Brad Appel of General Propulsion Sciences frames the situation in
more familiar terms: “To look at it another way, imagine you are
planning a road trip from New York to Los Angeles and back.
Except, there are no gas stations along the way — you need to
pack all of the fuel along with you. Using a chemical rocket to
send humans to Mars would be like making the road trip in a
cement truck. You might barely make it, but it would be one
enormous, inefficient, and expensive voyage. Using an NTR,
however, would be more akin to taking a Prius. It’ll make it
there comfortably, and it can go a lot further too.”


PROJECT ICARUS: How to Navigate Interstellar Space

Priorities in NASA’s current space program emphasize developing
capabilities to take humans beyond Low Earth Orbit (LEO).

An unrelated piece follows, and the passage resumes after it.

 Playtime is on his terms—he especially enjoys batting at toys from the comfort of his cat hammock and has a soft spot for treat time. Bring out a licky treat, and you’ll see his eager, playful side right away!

And
while there are agreements in place between NASA and
private companies such as SpaceX
to deliver cargo and
potentially American astronauts to the International Space
Station, few outside of the U.S. Government are privately
exploring nuclear space technologies for their inevitable use in
the future of space exploration.

Private industry has the flexibility to pursue international
partnerships, as companies like Rocketdyne and Aerojet have done
in the past for propulsion subcontracting work with Russia.

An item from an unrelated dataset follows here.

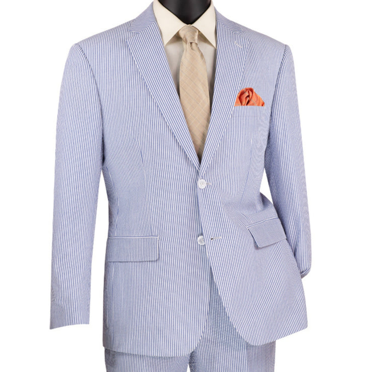Medievalor Collection: Navy Blue 2 Piece Seersucker Single Breasted Modern Fit Suit

Recently, Tabitha Smith, research lead for Project Bifrost and
chief strategic officer of General Propulsion Sciences was
invited to Moscow to become more familiarized with U.S.-Russian
business partnerships, and to collaborate with NTR and rocket
propulsion colleagues under the auspices of the newly created
Russian agency Rossotrudnichestvo — an initiative started by
President Medvedev to cultivate Silicon Valley-like
entrepreneurship and international projects in Russia.

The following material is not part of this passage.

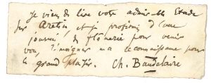 Charles BAUDELAIRE (1821-1867) poète. L.A.S. « Ch. Baudelaire » ; 1 page oblong 4 x 10 cm. Court billet griffonné sur un petit morceau de papier, probablement glissé sous un porte. « Je viens de lire votre admirable étude sur Aretin, et je...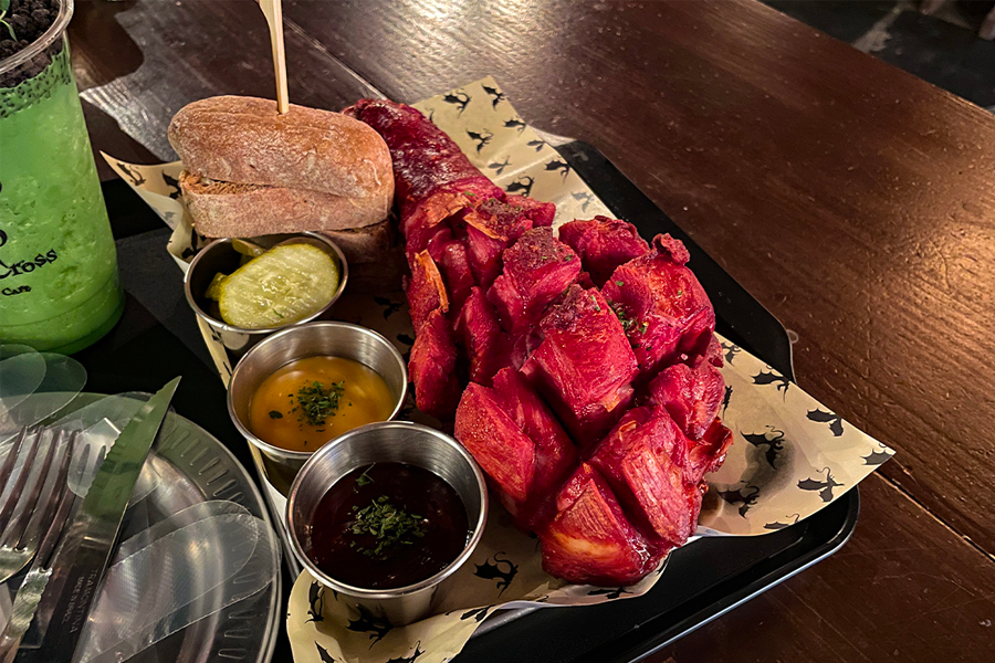 Dragon Leg Plate是一整条炸火鸡腿,和啤酒搭配非常适合,酱汁则附上了芥末和牛排酱,酸甜的芥末和甜甜的牛排酱,与火鸡腿搭配非常合适,让肉吃起来不会太柴。

International cooperation is seen as a vital part of future
large-scale space projects in the space community at large, as it
encourages transparency, expedites completion times, and splits
costs.

It’s worth noting that as with many technologies in space
exploration, the 1960’s were the golden age for NTRs. Between
1955 and 1973, the US Government spent $1.4 billion in an NTR
program called Rover/NERVA, anticipating it would be used after
Apollo was completed. Although it was ultimately canceled before
a flight could be achieved, the program was tremendously
successful in proving that NTRs work. The knowledge gained from
NERVA remains as a vital resource for future NTR development.

This spring, while we mark the 50th anniversary of John F.
Kennedy’s famous speech to Congress in which he challenged the
nation to go to the moon, perhaps it would be useful to reflect
upon what he said immediately after declaring that goal:
“Secondly, an additional 23 million dollars … will accelerate
the development of the Rover nuclear rocket. This gives promise
of some day providing a means for even more exciting and
ambitious exploration of space, perhaps beyond the moon, perhaps
to the very end of the solar system itself.”